I'm taking a class right now called Women & Work, and if there's one thing that I've learned, it's that one should never pass up an opportunity to talk about gender norms and expectations within the workplace. Highlighting his comment as something that made you uncomfortable can only serve to remind him of the ways that gender operates in your place of work. I bet that he will really watch what he says moving forward.

And don't ever apologize for feeling upset about something, especially at work. As a place where you spend a great deal of your time, you have every right to feel as comfortable as possible there. The fact that you are avoiding your supervisor because of this indicates to me that it is an issue that needs to be resolved in order for you to feel comfortable at work again.
 

reesesilverstar

Well-known member
I'd let it go... I dunno, but in our field, I think that social queuing was missed on ALOT of people. So he probably didn't mean to offend you. Prolly forgot (didn't cross his mind) that you would still be prepared for a site visit, etc. He's not losing sleep over it, so why should you.
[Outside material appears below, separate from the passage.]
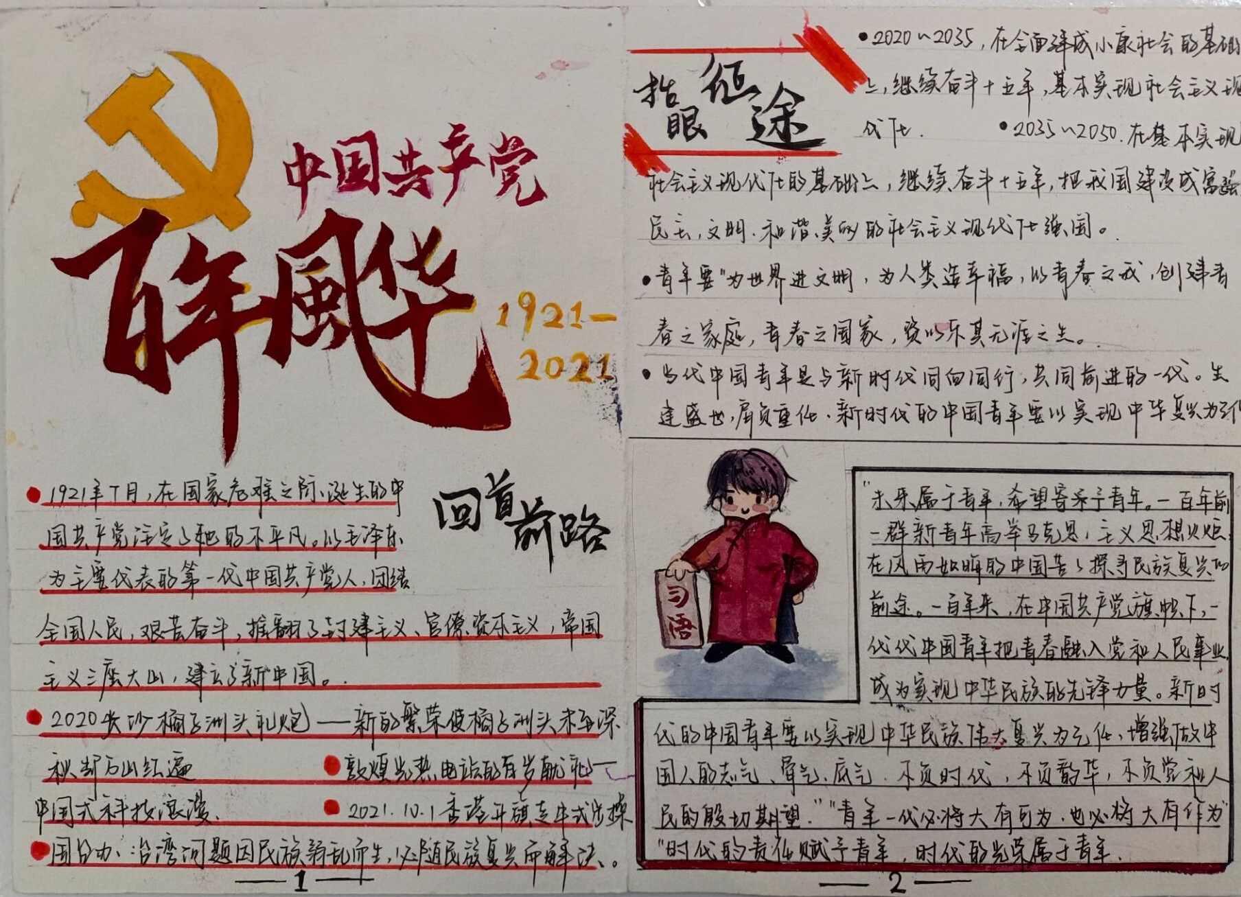 本次大赛以同学们喜爱的手帐形式,通过手绘、贴纸、胶带拼贴等,描绘中国共产党100年来发生的重大事件、熟知的英雄人物和需要弘扬的伟大精神。经过评选,2019级市场营销一班何启碧获得一等奖;2021级工商管理类一班王雪怡,2019级物流管理二班李悦获得二等奖;2019级物流管理一班李秋㽛、2019级物流管理一班李萍、2019级人力资源管理一班卢思念获得三等奖;2021级旅游管理类二班马茂琦、2019级人力资源管理二班周红、2021级工商管理类二班胡盈盈、2021级工商管理类二班蔡莉获得优秀奖。

Now when he starts shouting or being disrespectful and criticizing your judgement because you're a female (as has happened to me), THEN you have reasons to be upset, demand apologies and take it to upper management.

Other than that, let it go.
 

angi

Well-known member
I think if you are really focussed on it, maybe you should have a chat with him about it, but from what you've said, it sounds like something that is out of the ordinary for him.

Also, something I have to remind myself of everyday (I work in HR!) is that just because one person is self aware, or considerate, doesn't mean that everyone else is at the same level. Maybe it just slipped his mind that you kept trousers in the car. Maybe he genuinely thought you were scheduled to go out on a site visit that day?
 

Eleentje

Well-known member
Everything I wanted to say has pretty much been said already.
Most likely he was taken aback by your your outfit/makeup that really emphasized your femininity, so he blurted out the first thing that came to his mind. At that point he didn't really think that you, as a true woman, might have come fully prepared for any situation (i.e. bringing a spare set of clothes just in case you'll have to go to a site viewing). I think he pretty much forgot what your schedule was for that day as soon as he had seen you look so pretty.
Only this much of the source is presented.